**TRY IT**
In the records below, find the line holding "こちらもハノイに来たら試して" and the line holding "Mens Casual Shoes". Set down both, with every line between them, exactly.

**EXERCISE INPUTS**
····················
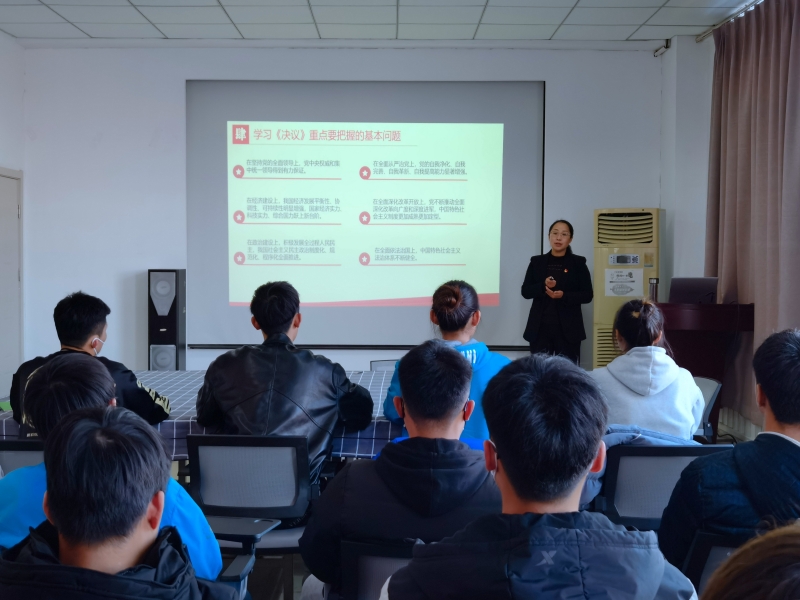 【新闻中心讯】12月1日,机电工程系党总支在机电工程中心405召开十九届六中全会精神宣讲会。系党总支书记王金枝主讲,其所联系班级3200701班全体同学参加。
····················
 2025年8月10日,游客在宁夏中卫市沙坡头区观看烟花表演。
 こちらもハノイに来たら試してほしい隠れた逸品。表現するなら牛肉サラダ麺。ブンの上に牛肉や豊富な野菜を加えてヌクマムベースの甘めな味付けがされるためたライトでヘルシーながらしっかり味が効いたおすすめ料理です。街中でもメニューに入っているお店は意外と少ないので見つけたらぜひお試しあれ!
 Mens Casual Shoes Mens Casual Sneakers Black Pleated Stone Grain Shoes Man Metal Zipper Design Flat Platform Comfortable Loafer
····················
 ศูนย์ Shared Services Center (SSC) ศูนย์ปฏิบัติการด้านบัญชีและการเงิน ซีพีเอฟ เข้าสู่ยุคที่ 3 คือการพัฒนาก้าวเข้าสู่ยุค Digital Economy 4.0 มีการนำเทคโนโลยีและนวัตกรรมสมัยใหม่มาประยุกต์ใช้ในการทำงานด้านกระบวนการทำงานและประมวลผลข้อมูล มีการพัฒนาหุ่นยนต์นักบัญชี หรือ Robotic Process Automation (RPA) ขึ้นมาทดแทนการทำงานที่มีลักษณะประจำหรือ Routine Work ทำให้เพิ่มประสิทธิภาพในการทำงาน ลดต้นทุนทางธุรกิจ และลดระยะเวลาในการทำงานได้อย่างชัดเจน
····················
**EXERCISE RESULT**
 こちらもハノイに来たら試してほしい隠れた逸品。表現するなら牛肉サラダ麺。ブンの上に牛肉や豊富な野菜を加えてヌクマムベースの甘めな味付けがされるためたライトでヘルシーながらしっかり味が効いたおすすめ料理です。街中でもメニューに入っているお店は意外と少ないので見つけたらぜひお試しあれ!
 Mens Casual Shoes Mens Casual Sneakers Black Pleated Stone Grain Shoes Man Metal Zipper Design Flat Platform Comfortable Loafer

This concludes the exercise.